Mariano Artigas (Zaragoza, 1938), sacerdote, doctor en Física y en Filosofía,
tiene la competencia precisa para abordar la cuestión. Profesor de Filosofía
de la Naturaleza en la Universidad de Navarra, ha publicado trece libros sobre
las relaciones entre ciencia, filosofía y teología. Entre sus obras destacan
Filosofía de la ciencia experimental, La inteligibilidad de la naturaleza o El
desafío de la racionalidad. El título -deliberadamente provocativo, dice el
autor- de su último libro está tomado de Séneca, que respondió así esa
pregunta eterna: "¿Qué es Dios? La mente del universo. ¿Qué es Dios? El
todo que ves y el todo que no ves". Artigas usa la misma fórmula, pero no
en sentido panteísta: se refiere a Dios como "la mente del universo"
para expresar que la naturaleza posee racionalidad, información y creatividad.
La ciencia experimental, señala el autor, no debería
ser utilizada como base de perspectivas reduccionistas o cerradas al espíritu,
puesto que incluye no sólo un conocimiento acerca de los hechos, sino también
las condiciones necesarias para que se dé ese conocimiento.
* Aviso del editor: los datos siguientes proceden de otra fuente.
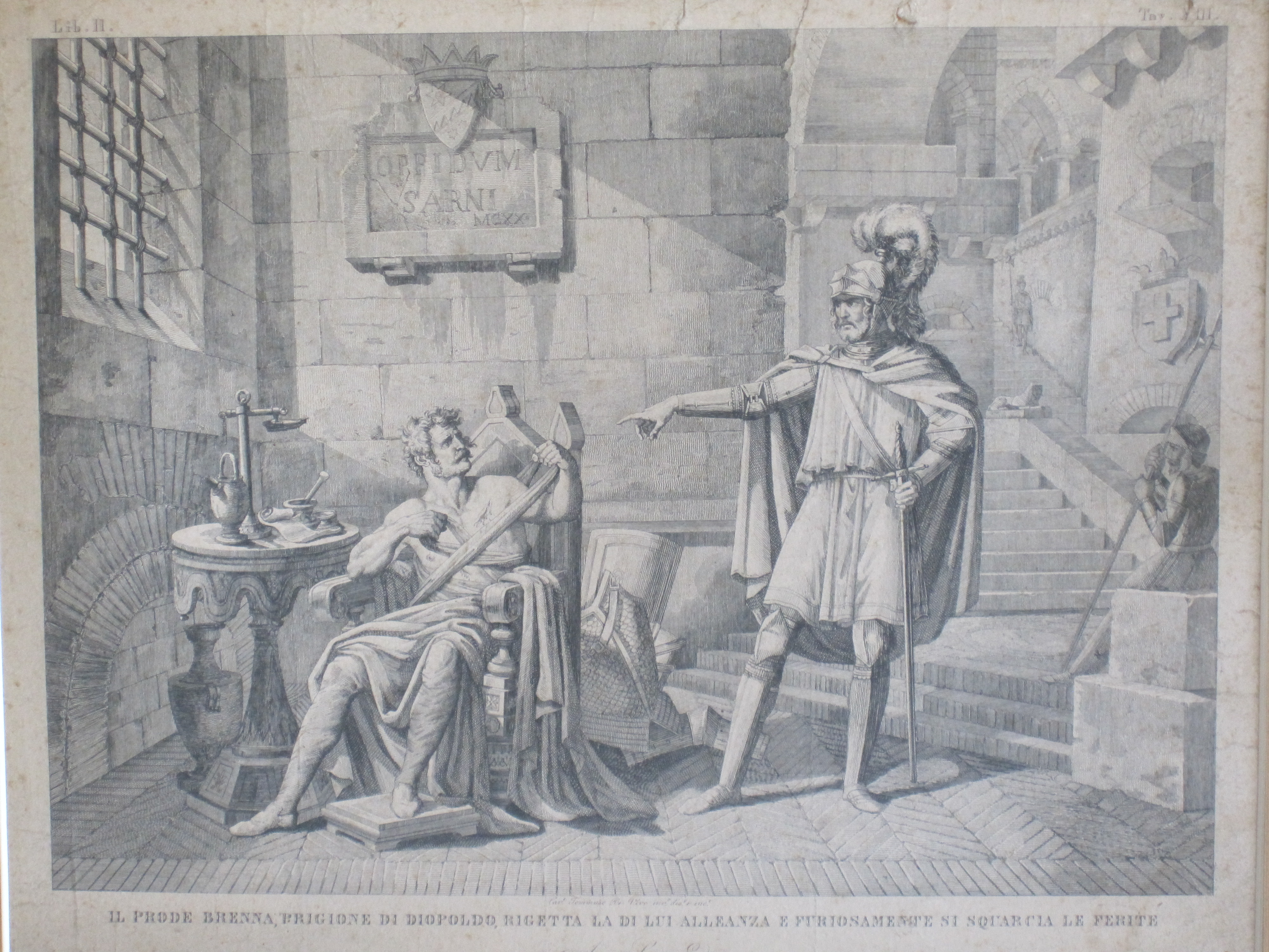 Encounter between Walter de Brienne and Diopoldo of Vohburg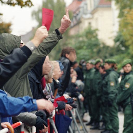 Protesters against the Wehrmacht exhibition in Munich on 12 October 2002, holding up glorified Wehrmacht propaganda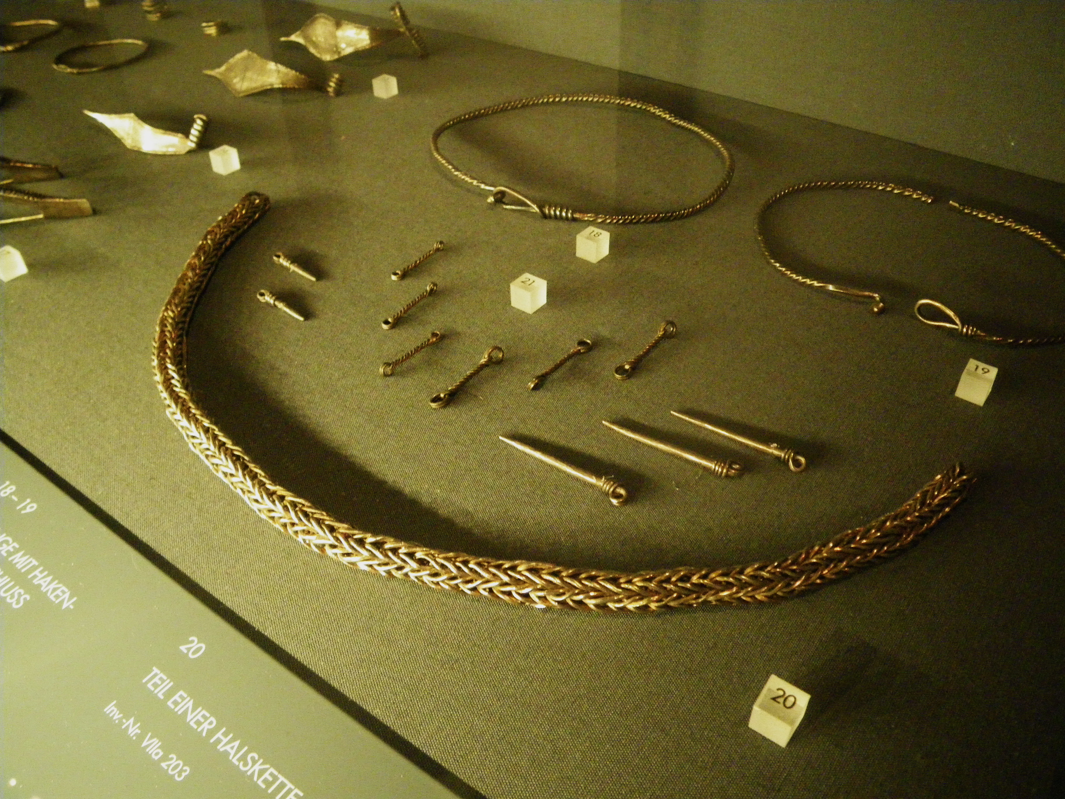 Kunsthistorisches Museum Dacian Gold

Tales condiciones
pueden ser consideradas, según Artigas, como supuestos cuyo análisis
constituye una tarea filosófica y teológica. A través de ese análisis pueden
encontrarse los puentes de diálogo o, si se prefiere, las claves necesarias
para superar los escollos que suelen presentarse al tratar aquellas cuestiones
en que se hallan implicadas tanto las ciencias experimentales, como la fe o la
ciencia teológica.
Al considerar las condiciones que hacen posible el conocimiento y el progreso
científicos, Artigas centra su atención en tres supuestos generales: la
racionalidad del universo (supuesto ontológico), relacionada con el orden de la
naturaleza; la capacidad humana para conocer ese orden (supuesto epistemológico),
que incluye las diversas modalidades de la argumentación científica, y los
valores implicados por la actividad científica (supuesto ético), que incluye
aspectos como la búsqueda de la verdad o el servicio a los demás. El análisis
de dichos supuestos -siempre con los resultados de la ciencia contemporánea,
como telón de fondo- puede proporcionar, según Artigas, una clave valiosa para
comprender el significado del progreso científico y, por tanto, su alcance teológico.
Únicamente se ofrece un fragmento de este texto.